C/C++ Why to use unsigned char for binary data?

Question

Is it really necessary to use unsigned char to hold binary data as in some libraries which work on character encoding or binary buffers? To make sense of my que

Answer 1

The signed-ness of the plain char type is implementation defined, so unless you're actually dealing with character data (a string using the platform's character set - usually ASCII), it's usually better to specify the signed-ness explicitly by either using signed char or unsigned char.

For binary data, the best choice is most probably unsigned char, especially if bitwise operations will be performed on the data (specifically bit shifting, which doesn't behave the same for signed types as for unsigned types).

Answer 2

You'll get most of your problems when comparing the contents of individual bytes:

char c[5];
c[0] = 0xff;
/*blah blah*/
if (c[0] == 0xff)
{
    printf("good\n");
}
else
{
    printf("bad\n");
}

can print "bad", because, depending on your compiler, c[0] will be sign extended to -1, which is not any way the same as 0xff

Answer 3

Well, what do you call "binary data"? This is a bunch of bits, without any meaning assigned to them by that specific part of software that calls them "binary data". What's the closest primitive data type, which conveys the idea of the lack of any specific meaning to any one of these bits? I think unsigned char.

Answer 4

In C the unsigned char data type is the only data type that has all the following three properties simultaneously

• it has no padding bits, that it where all storage bits contribute to the value of the data
• no bitwise operation starting from a value of that type, when converted back into that type, can produce overflow, trap representations or undefined behavior
• it may alias other data types without violating the "aliasing rules", that is that access to the same data through a pointer that is typed differently will be guaranteed to see all modifications

if these are the properties of a "binary" data type you are looking for, you definitively should use unsigned char.

For the second property we need a type that is unsigned. For these all conversion are defined with modulo arihmetic, here modulo UCHAR_MAX+1, 256 in most 99% of the architectures. All conversion of wider values to unsigned char thereby just corresponds to truncation to the least significant byte.

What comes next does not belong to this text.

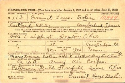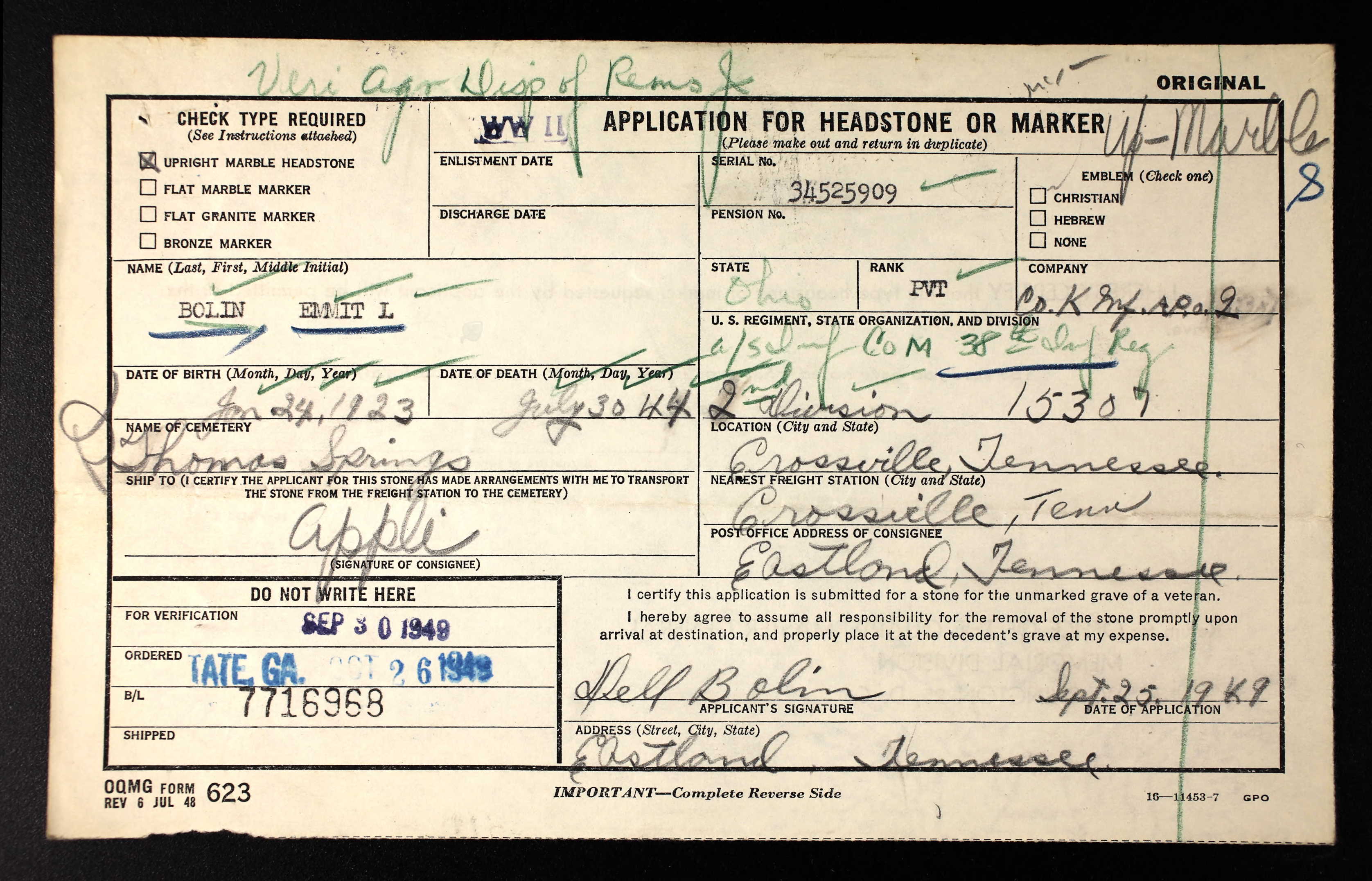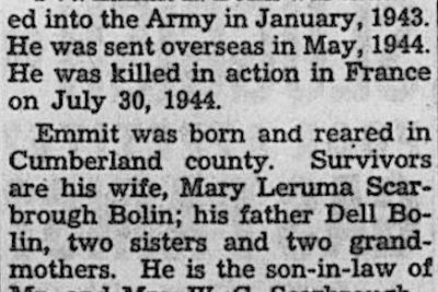 Pvt. Emmit L. Bolins was inducted into the Army in January, 1943. He was sent overseas in May, 1944. He was killed in action in France on July 30, 1944. Emmit was born and reared in Cumberland County. Survivors are his wife, Mary Leruma Scarbrough Bolin; his father Dell Bolin, two sisters and two grandmothers. He is the son-in-law of Mr. and Mrs. W.C. Scarbrough

The two other character types generally don't work the same. signed char is signed, anyhow, so conversion of values that don't fit it is not well defined. char is not fixed to be signed or unsigned, but on a particular platform to which your code is ported it might be signed even it is unsigned on yours.

Answer 5

Is it really necessary to use unsigned char to hold binary data as in some libraries which work on character encoding or binary buffers?

"really" necessary? No.

It is a very good idea though, and there are many reasons for this.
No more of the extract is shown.